Sens historique de la démarche d’explicitation. (chapitre 1 de Explicitation et phénoménologie, 2012)

Pierre VermerschGREX

Introduction

Les intérêts qui président à l’écriture de ce chapitre se donnent maintenant pour moi comme l’expression de la possibilité de prendre du recul sur toute ma vie professionnelle, sur ce qui l’a motivée, sur ce qui m’a conduit là où j’en suis (janvier 2011).

Son but est de rendre intelligible l’ensemble de la démarche d’explicitation des vécus. Son écriture fait droit à un besoin intime de clarifier les cheminements personnel et professionnel qui m’ont conduit à la technique de l’entretien d’explicitation et de l’auto explicitation, mais aussi à la promotion d’une psychologie phénoménologique. J’espère que cette clarification intéressera tous les utilisateurs de l’explicitation.

De plus,  au-delà de la tentative de mise en lumière de mon cheminement personnel, j’ai pris beaucoup d’intérêt ces dernières années à situer ce que j’ai fait dans un contexte plus large, en cherchant à le relier à l’histoire des sciences humaines dans la pensée occidentale. Je n’aurais pu le faire sans la découverte tardive des nombreux livres de G. Gusdorf sur ce sujet, puisque cette préoccupation traverse toute son œuvre de façon systématique, par exemple, le magnifique ouvrage inaugural : Introduction aux sciences humaines.

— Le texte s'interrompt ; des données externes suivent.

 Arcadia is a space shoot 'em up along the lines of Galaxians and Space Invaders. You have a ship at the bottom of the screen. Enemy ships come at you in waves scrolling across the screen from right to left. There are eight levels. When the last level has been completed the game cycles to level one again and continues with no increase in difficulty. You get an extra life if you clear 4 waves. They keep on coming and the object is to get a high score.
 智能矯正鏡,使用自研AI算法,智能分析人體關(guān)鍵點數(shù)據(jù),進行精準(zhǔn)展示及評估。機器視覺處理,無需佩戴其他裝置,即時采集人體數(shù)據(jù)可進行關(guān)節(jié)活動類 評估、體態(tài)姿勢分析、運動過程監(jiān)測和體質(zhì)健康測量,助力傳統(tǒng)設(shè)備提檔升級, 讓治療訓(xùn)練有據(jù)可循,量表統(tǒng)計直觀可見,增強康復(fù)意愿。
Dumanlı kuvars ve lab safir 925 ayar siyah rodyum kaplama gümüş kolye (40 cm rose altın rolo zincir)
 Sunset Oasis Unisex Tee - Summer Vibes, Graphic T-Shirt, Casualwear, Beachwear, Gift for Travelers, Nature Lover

Essai critique sur leur origine et leur développement (Gusdorf 1960), prélude à l’ensemble des 12 volumes sur le même sujet, publiés tout au long des années 70 chez Payot.

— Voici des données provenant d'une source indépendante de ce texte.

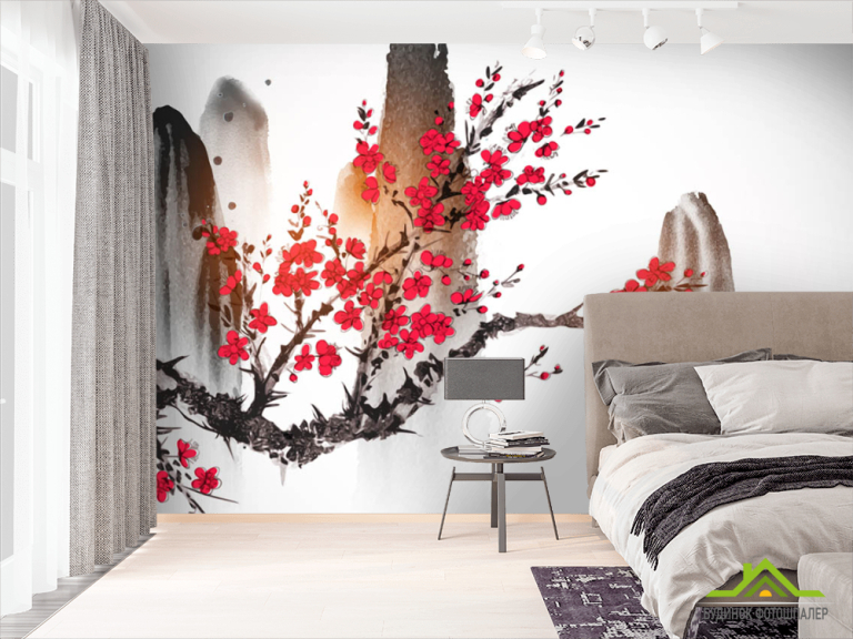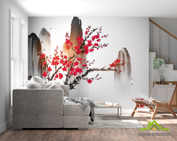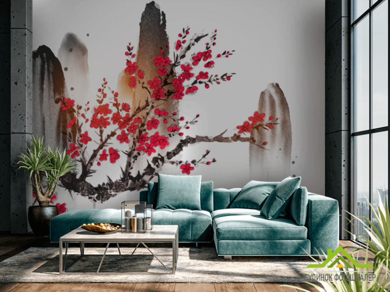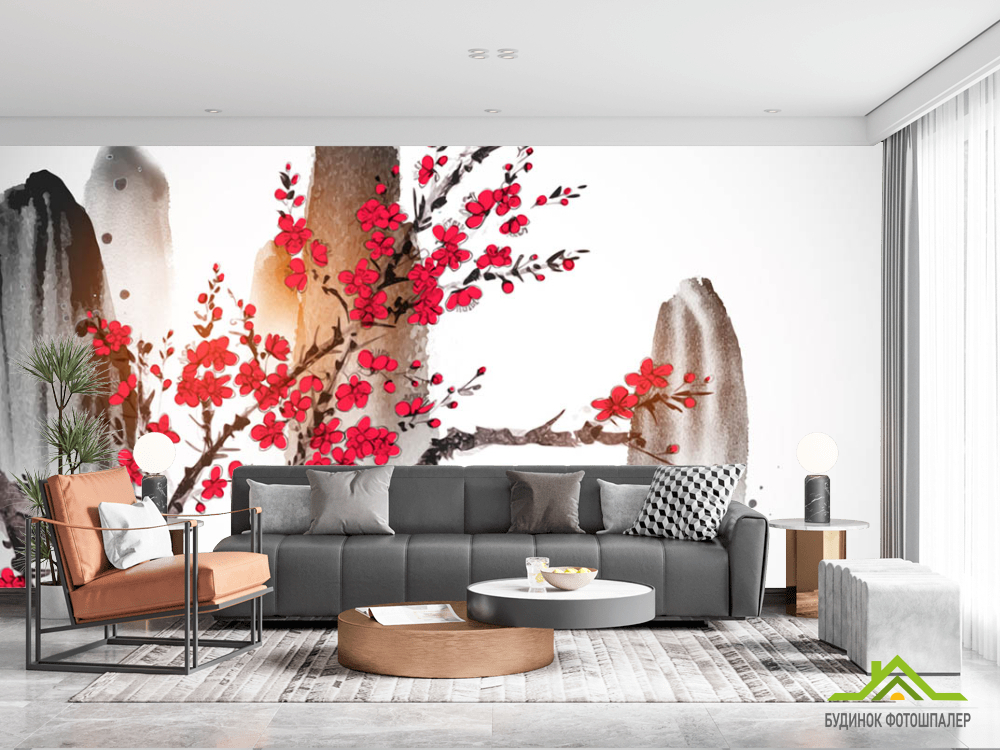 Фотообои Рисованная сакура в японском стиле Фотообои Рисованная сакура в японском стиле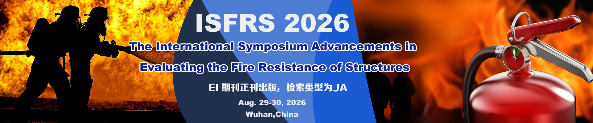2026结构防火工程评估进展国际研讨会(ISFRS 2026)于2026年8月 29-30日在武汉举行,ISFRS 2026致力于为防火工程与结构工程、防火材料、消防安全科学、消防化学与物理、防火结构的评估与进展 等领域的专家学者提供一个学术交流和建立友谊的平台,使大家能够分享最新优秀的论文和研究成果,并共同 探讨关注行业发展问题。本次投稿录用的所有论文将推荐至EI期刊正刊出版 .检索类型JA. 部分高质量文章直接推荐至相关SCI期刊出版.(具体期刊信息、注册费用和出版时间 在您投稿后有详细的邮件信息回复您)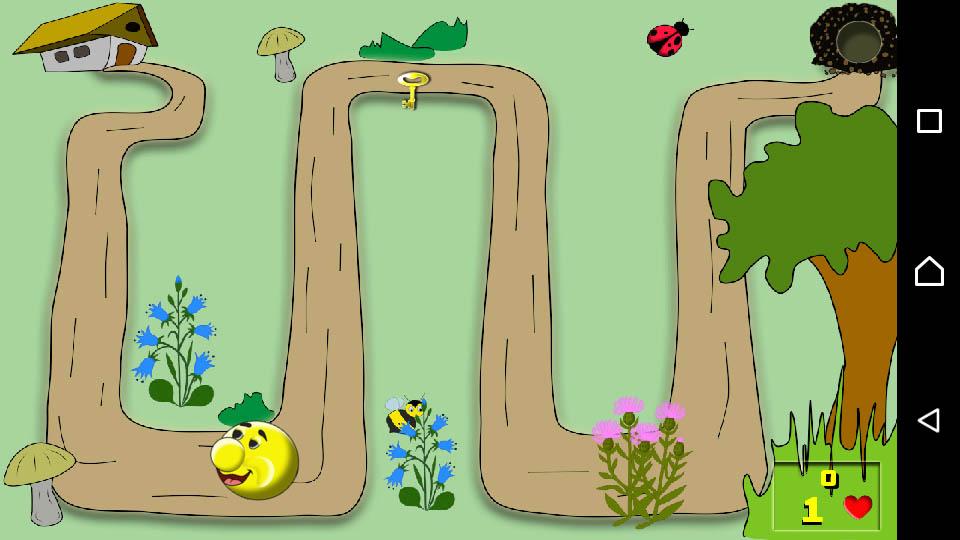 15 уровней - 15 лабиринтов (в Lite версии доступны сразу 10 из них) красивой 2D и псевдо-3D  графики и прикольных звуков, которые предстоит пройти, катая  Колобок, наклоняя в разные стороны смартфон/планшет (используется акселерометр - G-Sensor). Игра увлечет самого юного геймера лет от 5. Собственно она и написана для семейного совместного развлечения. Дети от 3 лет могут пробовать свои силы уже сейчас.  В начале все легко и просто. Начиная с 5 уровня появляются зверушки. Они так же управляются игроком, но призваны усложнить игру. При встрече с зверушкой (зайцем, медведем, волком, лисой, ежиком ) - теряется одна жизнь. Если вместо Колобка на переход уровня попала зверушка - вас откинет назад на один уровень. Так же в игре есть, как помогающие, так и осложняющие игру эффекты в виде знаков вопроса, которые можно подбирать, как самим Колобком, так и управляемой зверушкой. Имена игроку присваиваются произвольно. Игра использует датчик акселерометра. Из настроек - звук музыкального сопровождения и определение начального наклона смартфона/планшета. Реклама отсутствует, как класс.

Par ce recours à l’histoire, nouveau pour moi dans cette ampleur (mais il est vrai que j’avais déjà reconstitué l’histoire de l’introspection), je voudrais montrer que la démarche de l’explicitation est l’expression la plus récente d’un besoin constant et immémorial de connaissance de l’homme dans son vécu, c’est-à-dire dans sa subjectivité, telle qu’elle lui apparaît en première personne (cf. le chapitre $$). Et tout au long de l’histoire de la pensée occidentale ce besoin a été sans cesse d’une part, nié, combattu, méprisé, déconsidéré, refoulé et d’autre part, en alternance, par réaction à cette négation, il est immanquablement revenu à l’actualité, car pour certains,  il s’est imposé comme incontournable, puisque sinon c’était prendre le risque d’aller vers l’absurdité de perdre l’humain si on ne le prenait pas en compte. (Comme de vouloir étudier la conscience par des méthodes en troisième personne, c’est-à-dire sans documenter de quoi et comment le sujet est conscient selon lui. Ce qui est un comble.) Éclairer cette alternance réactionnelle, comme l’affirmation de besoins contradictoires, montrer comment un des  moteurs de ma propre démarche peut être vu précisément comme un exemple de cette alternance ; en l’occurrence, un refus de plus en plus radical et une même une rébellion contre l’ordre imposé de ce que l’on m’avait enseigné et des normes de recherches reconnues à mon époque de « jeune chercheur ». Cette lecture, à la lumière de l’histoire,  permettra de relier ma démarche à d’autres qui m’ont précédé et ainsi donnera un sens beaucoup plus large à l’explicitation.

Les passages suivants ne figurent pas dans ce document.